Александр Островский - Солженицын – прощание с мифом
Напрашиваются два возможных объяснения: а) на протяжении всего послевоенного периода, по крайней мере до 1974-1978 гг. А.И.Солженицын исправно сотрудничал с органами госбезопасности, б) вся история с вербовкой – это дымовая завеса, цель которой заключалась в том, чтобы скрыть более ранний и, видимо, более серьезный факт сотрудничества с органами госбезопасности, а если на этот счет появятся разоблачения, списать их на якобы имевшую место лагерную вербовку, которая не имела практических последствий.
В связи с этим прежде всего следует вернуться в 1938 г. и вспомнить,
что когда А.И.Солженицына «вербовали» в училище НКВД, он был готов надеть на свои плечи мундир с краповыми петлицами, но по независящим от него причинам тогда ему не удалось пополнить ряды рыцарей щита и меча.
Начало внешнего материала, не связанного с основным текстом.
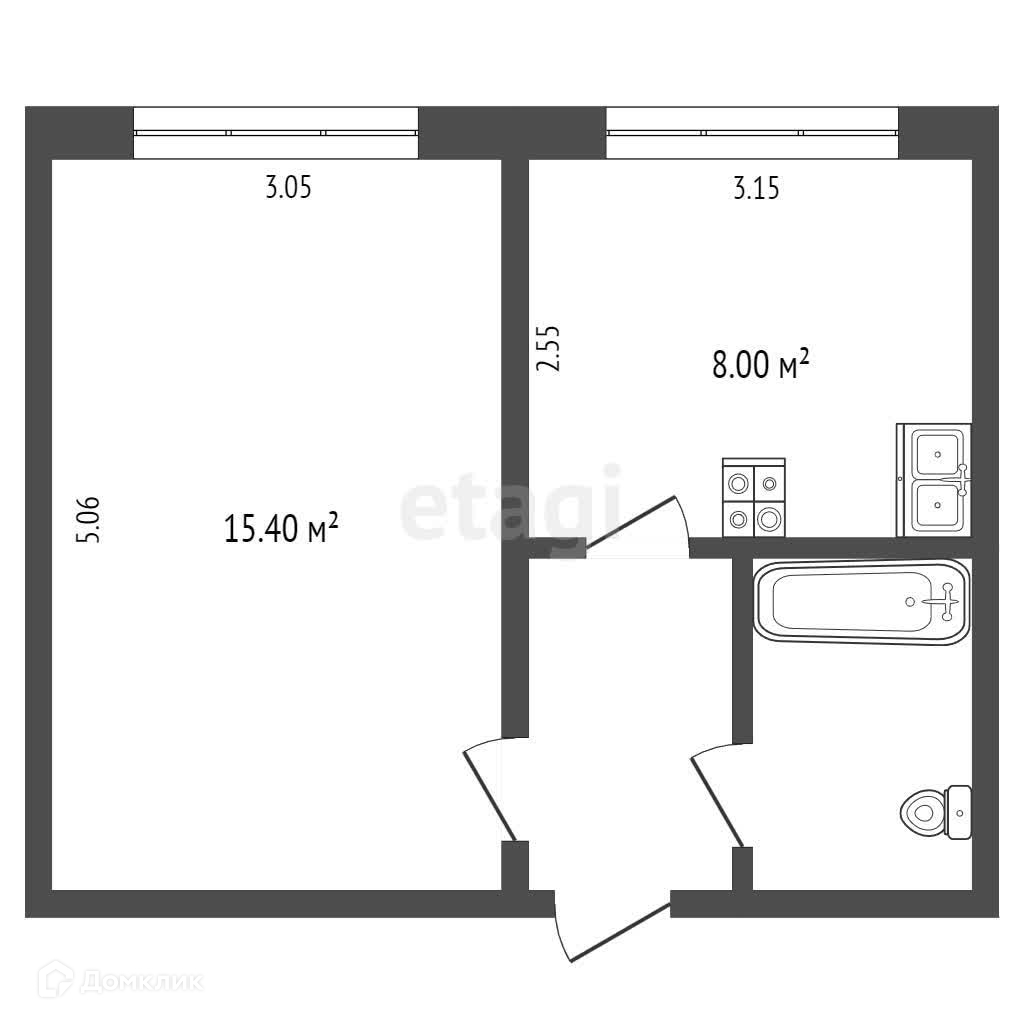 Общая площадь 30.5 м2

Прошли годы, открылись архивы и вдруг обнаружилось, что сталинский стипендиат «с 1940 г. и до дня ареста среди своих знакомых проводил антисоветскую агитацию» (см.: Определение Военной коллегии Верховного суда СССР о реабилитации А.И.Солженицына) (8). «Антисоветские взгляды у СОЛЖЕНИЦЫНА, – читаем мы в записке КГБ при СМ СССР от 17 июля 1973 г., – стали проявляться еще в студенческие годы, когда он изготовил и распространил среди друзей политически вредную рукопись» (9). Об этом же свидетельствует и записка КГБ от 12 декабря 1973 г.: «Уже в студенческие годы СОЛЖЕНИЦЫН начал писать сочинения антисоветского характера и распространял их в узком кругу друзей» (10).
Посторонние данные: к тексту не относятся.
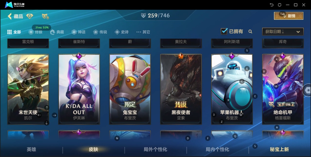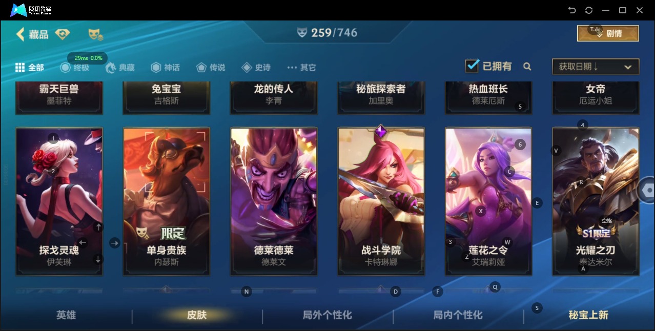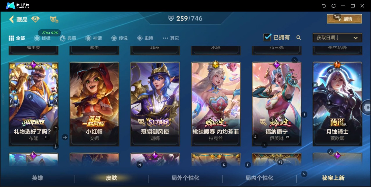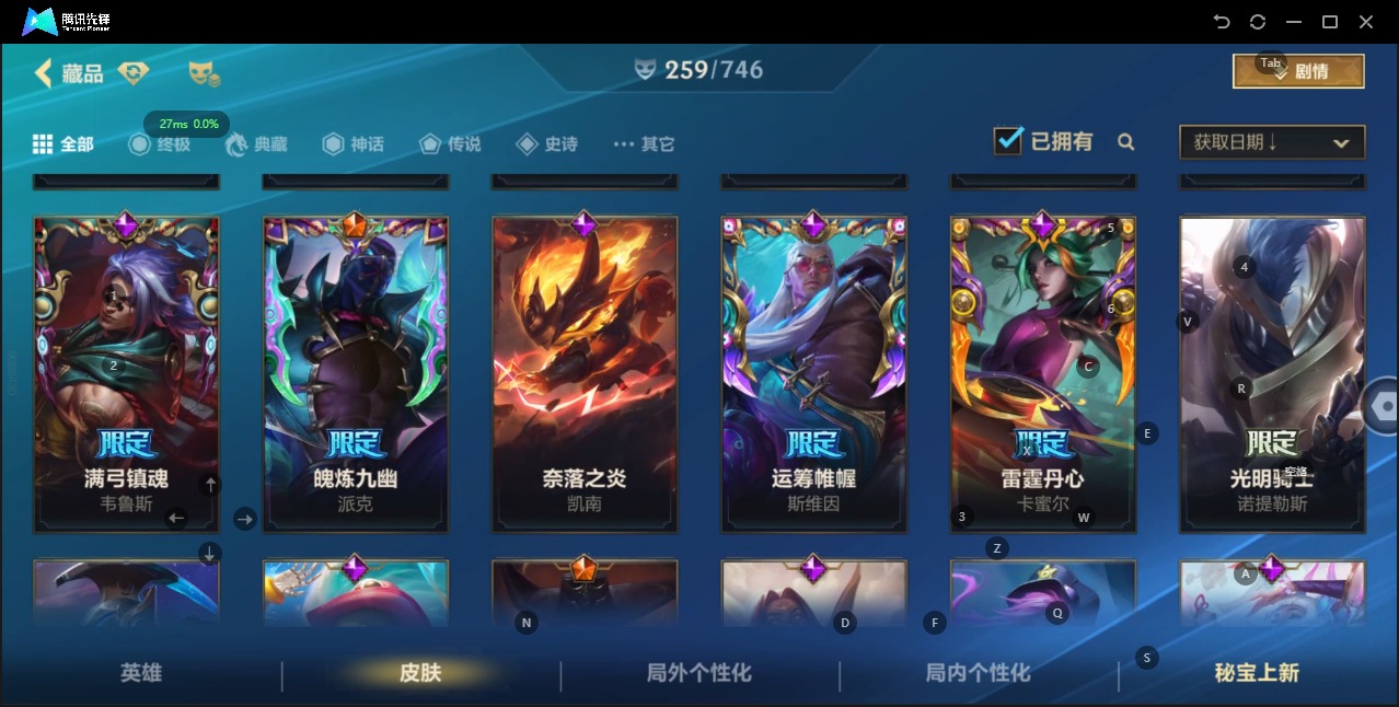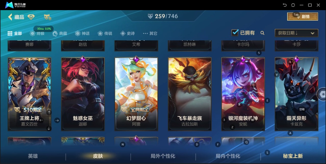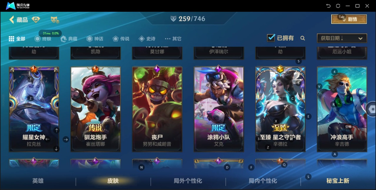 - PX_2093363-97 安卓QQ/尊贵铂金/205皮肤/123英雄/1典藏/0珍品无双/0无双/0珍品传说/4传说/58史诗/7稀有英雄 【1 典藏皮肤】拾光映像 瑶, 【4 传说皮肤】云霓雀翎 虞姬,云鹰飞将 曜,超时空战士 狄仁杰,冠军飞将 花木兰, 【58 史诗皮肤】时之奇旅 安琪拉,电玩小子 鲁班七号,末日机甲 吕布,紫霞仙子 露娜,百解令 蒙犽,高山流水 庄周,燃音魔法 高渐离,山海

Нежели Александр Исаевич действительно уже в 1940 г. «проводил антисоветскую агитацию»? Факт, который представляется невероятным. Однако если допустить его реальность, нужно признать то, что подобную агитацию «сталинский стипендиат» мог вести только с ведома органов НКВД.
Вопрос о контактах А.И.Солженицына с органами госбезопасности до войны остается пока в сфере предположений. Но его контакты с военной контрразведкой не вызывают сомнений. Очевидно, что без ее ведома Н.А.Решетовская никак не могла получить в 1944 г. фальшивые документы, беспрепятственно добраться до линии фронта и провести на батарее мужа целый месяц.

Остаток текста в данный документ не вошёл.